Configuration-based use of HF hub-hosted datasets for training (#701)

* Add hf_dataset configuration for using HF hub-hosted datasets for (Q)LoRA training * Pre-commit formatting * Fix YAML config example * Print DS info * Include name * Add hf_dataset parameter default * Remove TextHFDataset and CompletionsHFDataset and use Dataset and CompletionsDataset instead, adding a text_key constructor argument to the former (and changing it to work with a provided data structure instead of just from a JSON file), and prompt_key and completion_key arguments to the latter with defaults for backwards compatibility. * nits * update docs --------- Co-authored-by: Awni Hannun <awni@apple.com>
2025-12-16 02:08:55 +08:00 · 2024-06-26 13:20:50 -04:00
parent 1d701a1831
commit df6bc09d74
7 changed files with 140 additions and 28 deletions
--- a/llms/mlx_lm/LORA.md
+++ b/llms/mlx_lm/LORA.md
@@ -151,9 +151,14 @@ Examples GitHub repo has an [example of the WikiSQL
 data](https://github.com/ml-explore/mlx-examples/tree/main/lora/data) in the
 correct format.

+Datasets can be specified in `*.jsonl` files locally or loaded from Hugging
+Face. 
+
+### Local Datasets
+
 For fine-tuning (`--train`), the data loader expects a `train.jsonl` and a
 `valid.jsonl` to be in the data directory. For evaluation (`--test`), the data
-loader expects a `test.jsonl` in the data directory.
+loader expects a `test.jsonl` in the data directory. 
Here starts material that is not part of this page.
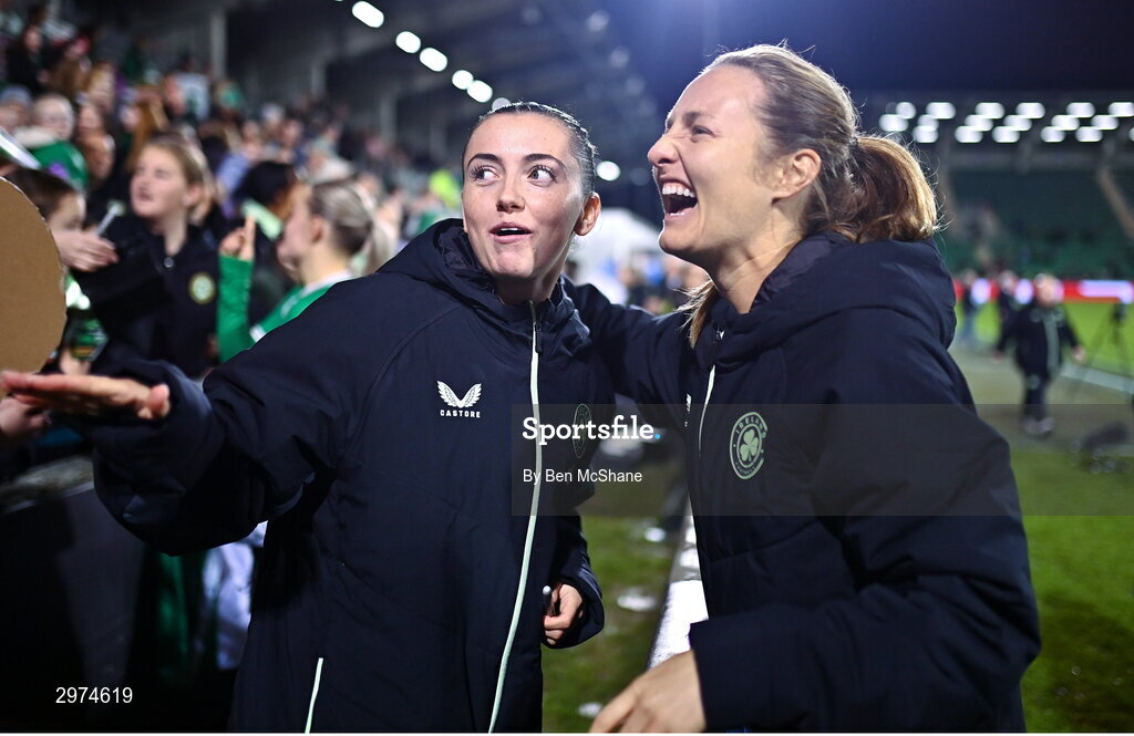 29 October 2024; Abbie Larkin, left, and Kyra Carusa of Republic of Ireland after the UEFA Women's EURO 2025 Play-Off Round 1 second leg match between Republic of Ireland and Georgia at Tallaght Stadium in Dublin. Photo by Ben McShane/Sportsfile

 Currently, `*.jsonl` files support three data formats: `chat`,
 `completions`, and `text`. Here are three examples of these formats:
@@ -199,7 +204,34 @@ Currently, `*.jsonl` files support three data formats: `chat`,
 Note, the format is automatically determined by the dataset. Note also, keys in
 each line not expected by the loader will be ignored.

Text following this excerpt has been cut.